The initial claim of Amazon not paying federal income tax is actually true. However, this is highly misleading as people pushing this agenda simply omitted information that would make the staggering $0 claim a lot less eye-catching and thus less effective. While Amazon’s U.S. tax filings are not public, Amazon has paid over 2.6 billion dollars in corporate tax and 3.4 billion dollars in tax expense at both the state and international level over the past 3 years. Furthermore the claim that Amazon contributes “nothing to the pot” is fundamentally false. Amazon received tax breaks mainly because of their employee stock compensation. Publicly traded companies can list the stock options granted to employees and if an employee makes over 1 million dollars a year in salary, the profits from the sales of those stocks go towards federal income tax deduction. Additionally Amazon received tax breaks for their Investment in property, research and development, plant and equipment. Not to mention Amazon has made life significantly more convenient for a lot of Americans and has provided a medium for millions of merchants to sell their products hence why they are so successful. There’s a misconception that the people have no say in the economy because of the existence of large corporations. Under a free market system the people make their vote everyday; it's simply done with their money. After all, Amazon was once just a few guys working out of a garage. Another criticism of Amazon is that its CEO Bezos has a networth of over 180 billion dollars and that with that money he could be solving global issues like world hunger or we could just distribute all that money and alleviate millions from poverty. However, although he is wealthy, 95% of Bezos’ net worth is in Amazon stock meaning he can’t just give all his money away without giving up all his shares of Amazon. In fact if he did the stock price would likely plummet meaning that 180 billion figure becomes a lot smaller than at first glance.

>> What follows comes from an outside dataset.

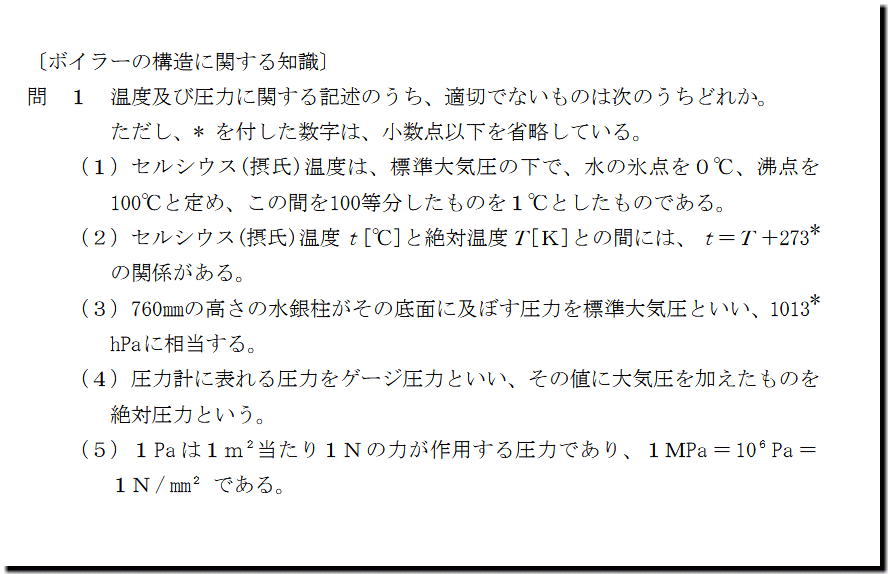 二級ボイラー技士 過去問+解説:令和7年10月の第1問は、「温度及び圧力」の論点です。文系には難儀な知識問題です。最終解答は、理系の一般常識的なものですが、きついですね。過去問に出たことは、甘く見てはいけないので、解けるようにはなっておきましょう。

Admittedly Amazon has its fair share of controversy and questionable practices, but what about other corporations like Microsoft for example? It’s founder Bill Gates is one of the richest people on the planet, but he is also one of the most influential philanthropists, donating over 45.5 billion dollars to charitable organizations. It’s undeniable that many transnational corporations have provided some sort of convenience or improvement to our lives one way or another, but moving into the future some sort of change appears to be inevitable. America’s rising interest in socialism and anti wealth sentiment means corporations will be persuaded to pursue more charitable causes to win the public over, or the government will crack down and implement regulations. Either way America must decide which path to diverge upon.
United States Securities and Exchange Commission. “Amazon.com, Inc. 10-K” 2018. Myers, Kristin. “Amazon Will Pay $0 in Taxes on $11,200,000,000 in Profit for 2018.” Yahoo Finance. 16 February 2019.
Banerji, Gunjan. “Potential Loser in Tax Overhaul: Executive Stock Options.” The Wall Street Journal. 19 December 2017.
*The author does not claim to represent all the opinions of all the members of the Postpartisan in this essay.